If all five vectors(fingers) are linearly independent, they can be made to add up to any vector you want. In particular, 11111. And again, you'll only have to add at most each one once.

So how can you test if they are all linearly independent? One way is to put your vectors into a matrix and use Gaussian elimination to see if you can create the identity matrix. If you ever end up with an all zero row, you know that they are not linearly independent.

Not being LI doesn't mean you can't have a solution, however. It's sufficient, but not necessary. The vectors I gave in my last reply were not LI since they contained the zero vector. But there was still a solution.

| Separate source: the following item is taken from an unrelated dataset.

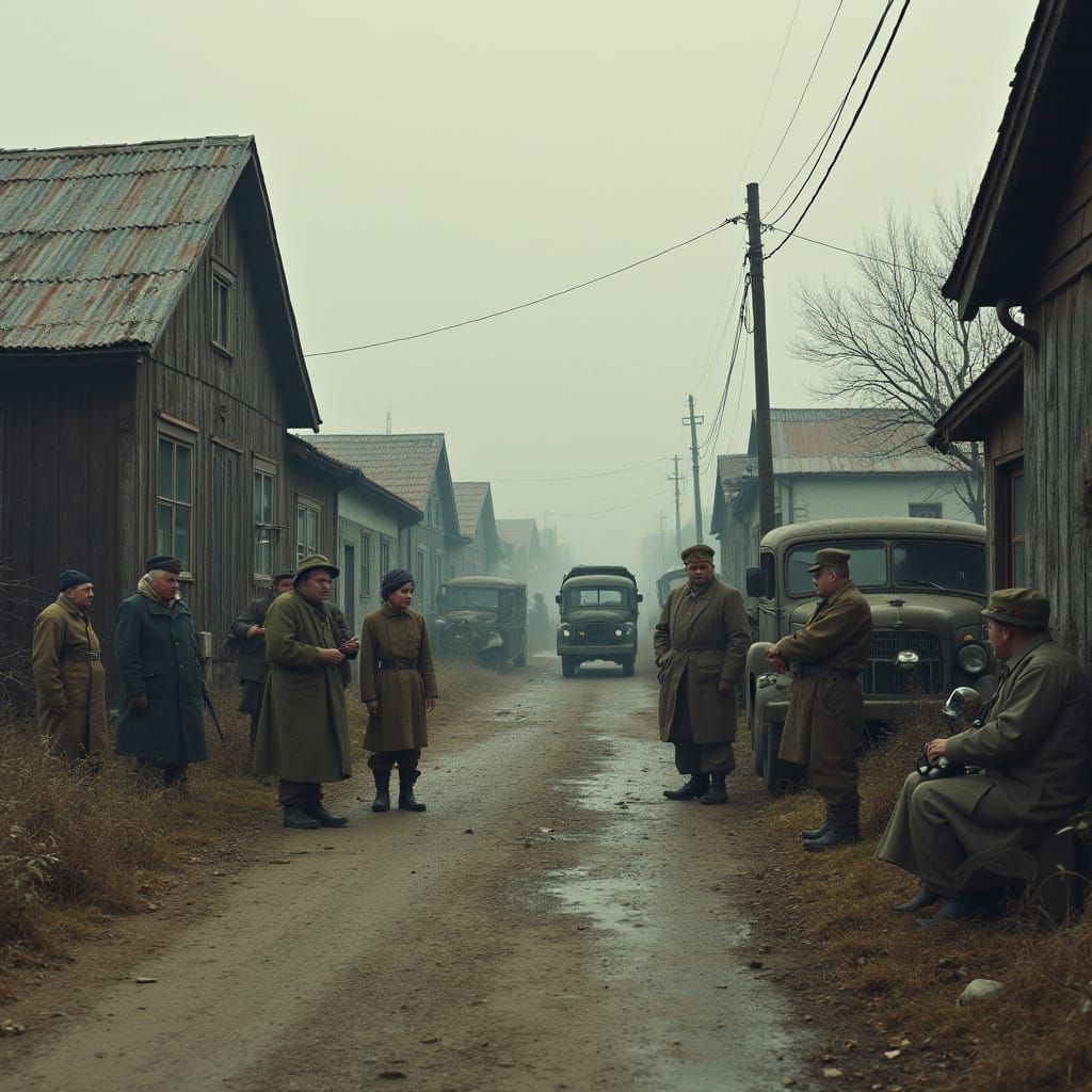 This image depicts a Ukrainian village under occupation during World War II, with a group of villagers showing resilience and determination as they stand near their traditional homes, surrounded by Soviet military presence and oppression.

You can also just use brute force, since in this case you either use a finger or you don't. That gives 2**5 = 32 different possibilities (really just 31 since you know you have to activate at least one finger). Very easy to test each one and see if you ever get 11111.

There's probably something else clever you can do, but I'll have to think some more.

Edited January 12th by EN
EN

http://gtx0.com/projects/handgame/index.php?seed=15545630 gives solution 5, 4, 2, 5, 4, 5, 4, 1, 5, 1, 3. Using the logic described above we can reduce this to just 2,3,4. Cool, huh?
To test all 31 possibilities you can also just have it cycle through this de Bruijn sequence that will give you every possible 5-bit string by starting with the first five bits then shifting your window to the right:

00001000110010100111010110111110000

That might be a slightly niftier way of checking all of the numbers 1-31.

@Xhin:

Edited Thursday by EN
EN
Reply to: A puzzle (a hand game)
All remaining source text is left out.